Vital rates were not modeled to be density-dependent. Although we could have done so, the strength and form of the relationship would have been pure speculation and therefore we chose to assume that birth and death rates did not vary with population size. We suggest that this makes our models conservative as regards their ability to predict a population’s ability to sustain itself because the vital rates used were taken from populations in the parks that were likely at or near capacity, and thus already experiencing any negative effects of high density. Adding density-dependence would have led to higher F and/or S_A at lower N. The effect of this would have been to accelerate growth, but we would have ultimately arrived at the same vital rates as N approached K. The model randomly chose a value of F/2, S_A, and S_D from a range of values falling within ±2 standard errors of mean F/2 and S_A and ±20 % of mean S_D. To determine S_I for each park, the model calculated monthly survival rate (MSR) for the randomly chosen S_A from each park individually at each iteration. That monthly survival rate was raised to the power of 10 to determine the equivalent survival rate for an adult for the 10 month period preceding a recruit’s first opportunity to breed (1 July to 1 April). The latter was then multiplied by the designated proportion (0.7, 0.8, 0.9, or 1.0) to obtain S_I. Survival from the point of fledging to the following breeding season (S_Yr1) was the product of S_D and S_I. The product of F/2 and S_Yr1 equaled the number of new recruits, which when added to S_A yielded λ. Dinsmore et al. (2010) described a 2-stage (juvenile and adult) Leslie matrix for a birth pulse population censused in the postbreeding period.
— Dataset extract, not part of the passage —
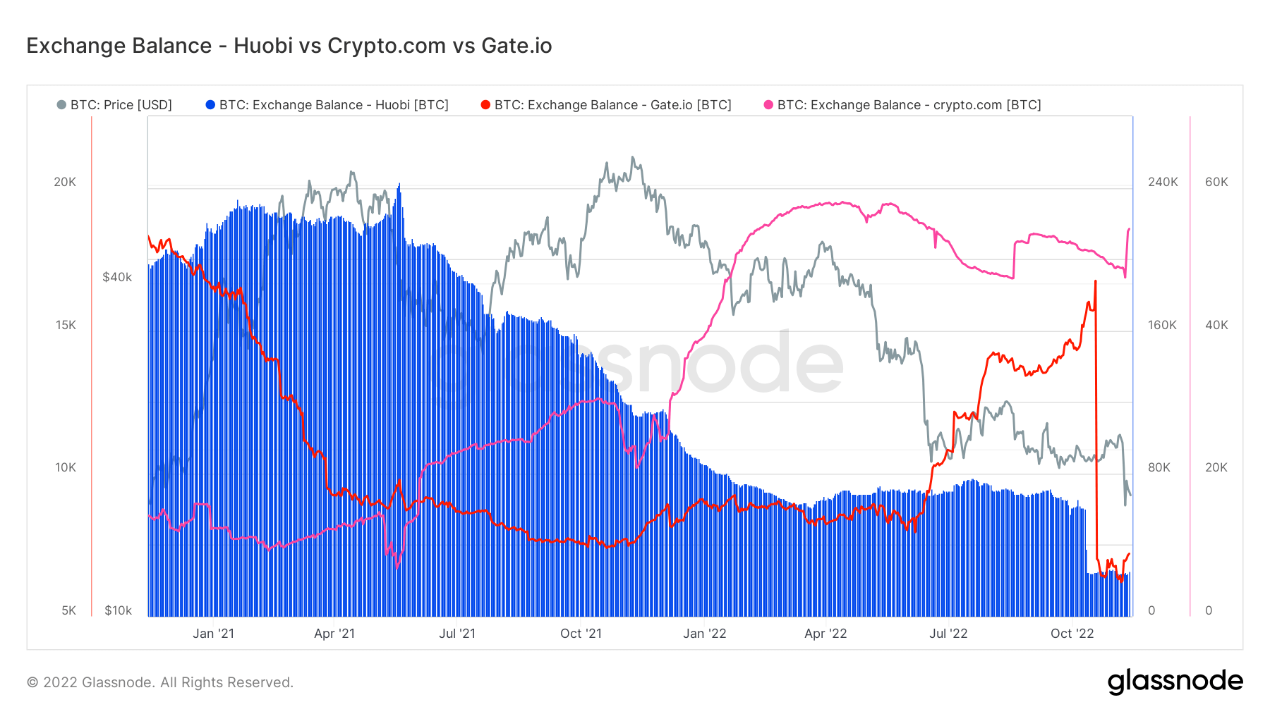 While the sharp drop in Bitcoin balances we've seen in the past week can be attributed to the FTX fallout, three exchanges stand out in particular — Huobi, Gate.io, and Crypto.com.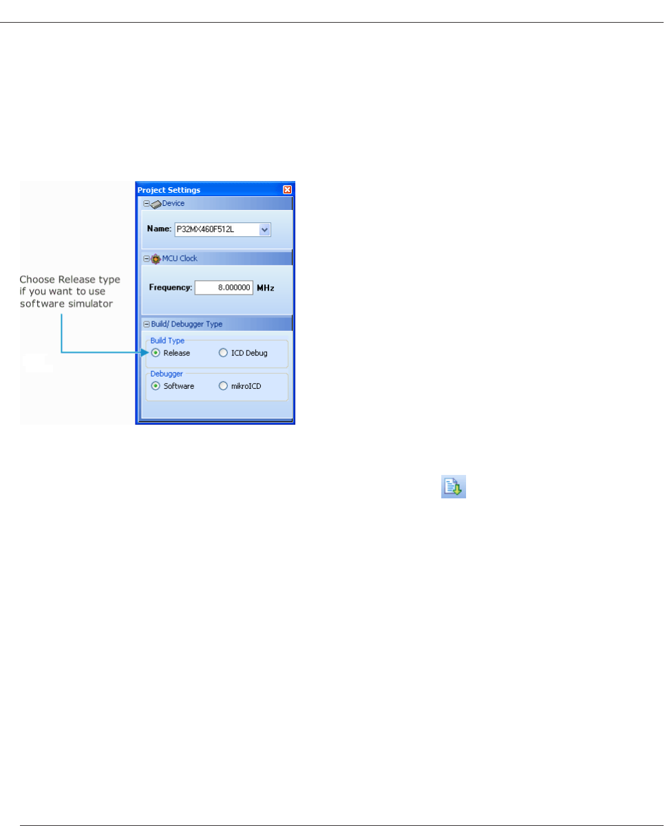Note: The Software Simulator simulates the program ow and execution of instruction lines, but it cannot fully emulate

The towhee data conformed to these conditions, and we found that our estimates of λ were identical to that generated by Dinsmore et al.’s (2010) model when we ran our model with constant parameter values (i.e., as a deterministic model). Our STELLA model thus generated accurate estimates of λ but with the incorporation of stochasticity in all vital rates.

The 10 estimates of λ from the decade-long simulation were averaged and the population size in the final year (N_final) also averaged to produce a single data point for both S_A and N_Final. Five hundred such simulations were run for each park at all levels of S_I (0.7*S_A, 0.8*S_A, etc.), but only every fifth estimate was used so as to reduce possible serial correlation among randomly chosen values. Consequently, the number of simulations used to calculate grand mean λ and N_Final for each park at each category of S_I was 100 in our initial modelling efforts. However, we reduced the sample size to 50 in all subsequent simulations (see below) because comparison of the mean of the running average of λ at iterations 46 through 50 to that at iterations 96 through 100 showed that the differences in λ to be well below 1 % (mean difference = 0.22 [SE = 0.047 %], n = 16 comparisons). In short, iterations beyond 50 did not improve the accuracy of our estimates of λ.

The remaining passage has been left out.